> [PROBLEM TO SOLVE] In the entries below, find the line with "L.L. Bean womens" and the line with "காஞ்சன் தேவி என்ற". Repeat exactly everything between them, those two lines included, but not the pictures.

> [ENTRIES SUPPLIED]

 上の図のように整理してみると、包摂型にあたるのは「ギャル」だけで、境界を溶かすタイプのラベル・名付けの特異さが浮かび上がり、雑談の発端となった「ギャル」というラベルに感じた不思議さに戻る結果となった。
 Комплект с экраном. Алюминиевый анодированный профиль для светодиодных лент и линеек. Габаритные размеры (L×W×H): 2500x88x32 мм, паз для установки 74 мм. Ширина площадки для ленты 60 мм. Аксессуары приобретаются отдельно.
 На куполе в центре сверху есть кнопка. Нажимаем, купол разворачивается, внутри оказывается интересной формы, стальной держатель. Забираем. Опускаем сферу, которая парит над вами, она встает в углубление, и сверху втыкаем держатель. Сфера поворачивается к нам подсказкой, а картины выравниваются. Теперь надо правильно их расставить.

...

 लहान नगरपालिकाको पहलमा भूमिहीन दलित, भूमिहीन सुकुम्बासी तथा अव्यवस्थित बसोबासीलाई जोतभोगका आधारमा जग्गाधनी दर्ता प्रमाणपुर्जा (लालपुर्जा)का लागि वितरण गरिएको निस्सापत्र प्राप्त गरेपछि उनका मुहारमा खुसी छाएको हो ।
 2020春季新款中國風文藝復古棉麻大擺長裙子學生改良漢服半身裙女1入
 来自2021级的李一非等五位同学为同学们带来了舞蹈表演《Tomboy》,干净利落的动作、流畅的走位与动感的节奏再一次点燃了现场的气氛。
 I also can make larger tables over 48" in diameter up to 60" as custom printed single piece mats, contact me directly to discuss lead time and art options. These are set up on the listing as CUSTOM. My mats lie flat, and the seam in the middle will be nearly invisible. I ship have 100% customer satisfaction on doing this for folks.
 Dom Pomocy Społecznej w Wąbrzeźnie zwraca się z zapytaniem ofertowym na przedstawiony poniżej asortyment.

...

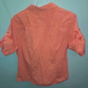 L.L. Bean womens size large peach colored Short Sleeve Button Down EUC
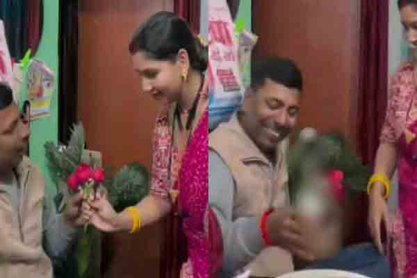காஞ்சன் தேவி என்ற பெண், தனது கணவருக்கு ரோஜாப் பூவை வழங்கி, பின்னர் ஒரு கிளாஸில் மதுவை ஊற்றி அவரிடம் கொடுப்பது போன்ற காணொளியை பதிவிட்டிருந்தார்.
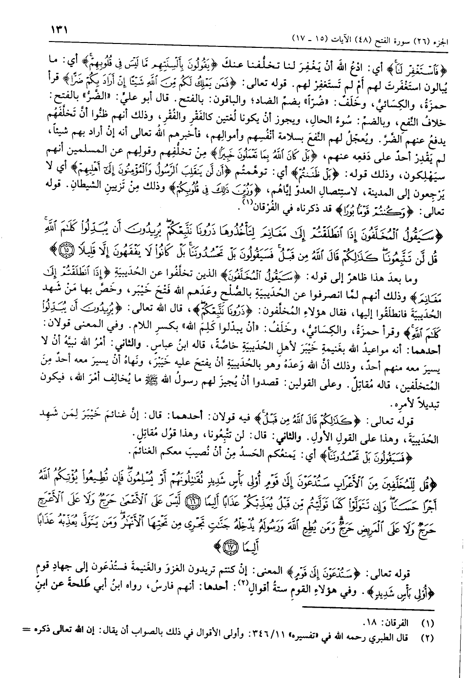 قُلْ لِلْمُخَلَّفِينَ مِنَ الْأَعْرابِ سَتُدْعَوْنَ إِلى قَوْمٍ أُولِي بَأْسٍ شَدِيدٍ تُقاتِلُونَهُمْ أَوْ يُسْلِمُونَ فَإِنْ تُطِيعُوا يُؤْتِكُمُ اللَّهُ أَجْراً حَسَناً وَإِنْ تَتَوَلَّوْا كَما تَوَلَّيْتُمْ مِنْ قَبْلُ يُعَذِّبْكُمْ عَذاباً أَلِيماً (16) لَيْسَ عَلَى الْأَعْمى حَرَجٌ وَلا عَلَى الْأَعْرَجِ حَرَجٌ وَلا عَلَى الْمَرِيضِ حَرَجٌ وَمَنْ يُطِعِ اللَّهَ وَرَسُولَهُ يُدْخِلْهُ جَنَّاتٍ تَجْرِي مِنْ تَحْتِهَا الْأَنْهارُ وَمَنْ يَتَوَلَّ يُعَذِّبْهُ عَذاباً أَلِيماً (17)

> [RESPONSE]
 L.L. Bean womens size large peach colored Short Sleeve Button Down EUC
காஞ்சன் தேவி என்ற பெண், தனது கணவருக்கு ரோஜாப் பூவை வழங்கி, பின்னர் ஒரு கிளாஸில் மதுவை ஊற்றி அவரிடம் கொடுப்பது போன்ற காணொளியை பதிவிட்டிருந்தார்.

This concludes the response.